One important variable might be whether a vehicle has actually been sold. This data would be useful to determine how the vehicles that are actually sold differ, if at all, from all the vehicles that are posted. This variable could not be deduced from the other variables, and it may not even be possible to obtain it from the site, if vehicles that are sold simmply have their posts closed and made inaccessible.
clean.conditions <- vposts$condition
conditions <- as.vector(sort(table(clean.conditions, useNA = "always") /
length(clean.conditions), decreasing = T))
names(conditions) <- names(sort(table(clean.conditions, useNA = "always"),
decreasing = T))
names(conditions)[is.na(names(conditions))] <- "NA"
barplot(conditions, las=2, cex.names = 0.5, cex.axis = 0.7)
title(main="Vehicle Conditions", ylab="Proportion with Condition")
Many of the conditions were used to describe very few vehicles, often only 1. Because these conditions will not lead to useful conclusions, only the more common conditions will be considered.
top.conditions <- conditions[conditions >= .001]
# Subset with only the top conditions
vp.top.conditions <- vposts[vposts$condition %in% names(top.conditions), ]
bwplot(condition ~ odometer, data = vp.top.conditions,
main="Vehicle Condition and Odometer", xlab = "Condition")

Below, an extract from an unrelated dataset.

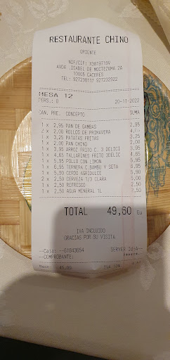Read moreLlevo pidiendo a este establecimiento hace más de 6 años y en el día de hoy la experiencia fue muy desagradable. La comida estaba totalmente en malas condiciones, tanto como para darte una intoxicación alimentaria. Ensalada China: la cuál traía toda la lechuga podrida por completo y no tenía ni rastro de algas, jamón York ni zanahoria rayada. *Tallarines fritos con pollo: ( por decir pollo porque aquello no parecía pollo) eran sobras de tallarines de otras ocasiones cortados en trozos como cuando le picas los spaguettis a un niño de 2 años. Por no hablar del supuesto pollo que estaba añejo y sabía rarisimo. *Arroz frito con gambas: (2 gambas que saben a cámara refrigeradora de hace meses) El arroz sabe a quemado y está insípido.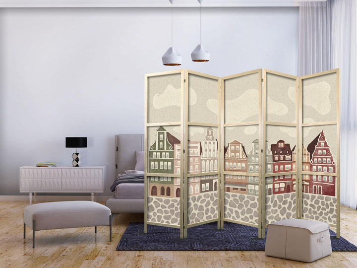 Japanese Room Divider - Solny Square - Colorfully Illustrated Townhouses Against a Sky with Clouds

The boxplots show that vehicles with conditions like "excellent", "new", or "like new" tend to have lower odometer values than vehicles with conditions like "fair" or "good". The "certified" condition shows the least range of odometer values, likely due to having compmaratively few observations. Curiously, the "used" condition seems to have relativley low odometer values, with a distribution similar to "like new".